I have been looking to buy a pair of these, but can't seem to find many reviews on them and was wondering if they are reliable and will last a while? I have had Union Forces for 3 years and there great but uncomfortable. Any info would be great!

Ryan,


----------



## Nivek (Jan 24, 2008)

Barely any of the riders they sponsor are willing to actually ride them. Stay away.

Flow M9's, Flux TT30, Raiden Pusher, K2 Formula, or Salomon Districts.


----------



## rscott22 (Sep 21, 2009)

Damn ok, what makes them so bad? What big issues do they have?


----------



## Nivek (Jan 24, 2008)

rscott22 said:


> Damn ok, what makes them so bad? What big issues do they have?

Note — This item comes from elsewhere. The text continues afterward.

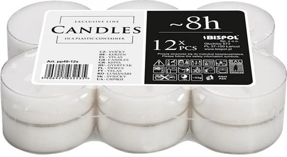 Malé svíčky ve skle BISPOL vás okouzlí, pokud dáte na svíčky bez vůně. BISPOL čajové svíčky maxi 12 ks hoří po dobu 8 h. Zásadní přednosti svíčky BISPOL čajové svíčky maxi 12 ks Neparfémovaná svíčka Kategorie: svíčky ve skle Celková hmotnost je 330 g Svíčka BISPOL zvládne hořet po dobu 8 h
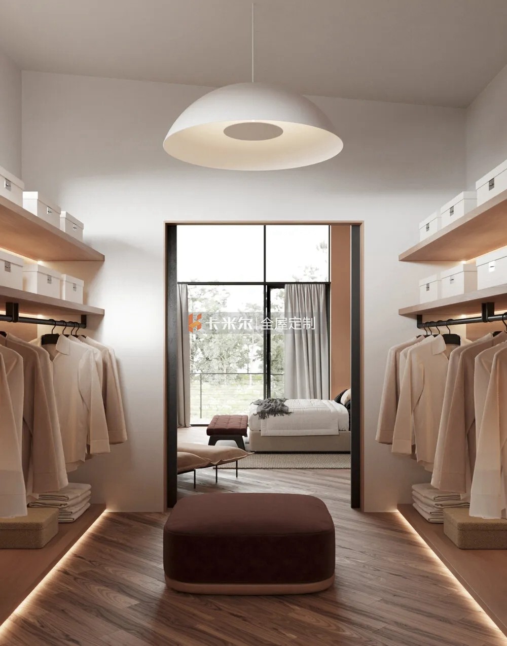 衣帽間有著內(nèi)斂卻強(qiáng)烈的表達(dá)欲望,仿佛間接向主人傳達(dá)“自信即是美”的闊達(dá),禮贊生活格調(diào),于一絲靜謐恬淡中感受簡(jiǎn)潔外表下的精致。

They ride like shit and blow up.


----------



## lonerider (Apr 10, 2009)

Nivek said:


> They ride like shit and blow up.


Bent Metal is owned by Mervin (LibTech, Gnu, Roxy, etc...). I've ridden two pairs of their bindings (one Burnt Resin, one that was converted to a Spark Splitboard binding). They are a weird combination of interesting design features, with poor execution. I liked the idea of the forward lean block, but in reality it wasn't that good. The leather straps appeared high quality, but had weird flaws like the tool-less screw on the toestrap REALLY liked to flip open and unscrew itself. Actually, thinking back, the toestrap itself slipped off so many times I replaced it with a jury-rigged Burton capstrap. The base plate material on the Burnt Resins were also suspect and the heelcup/highback design didn't fit my boot very well.

This is all from 3-5 years ago... maybe they are better now, but I doubt it.


----------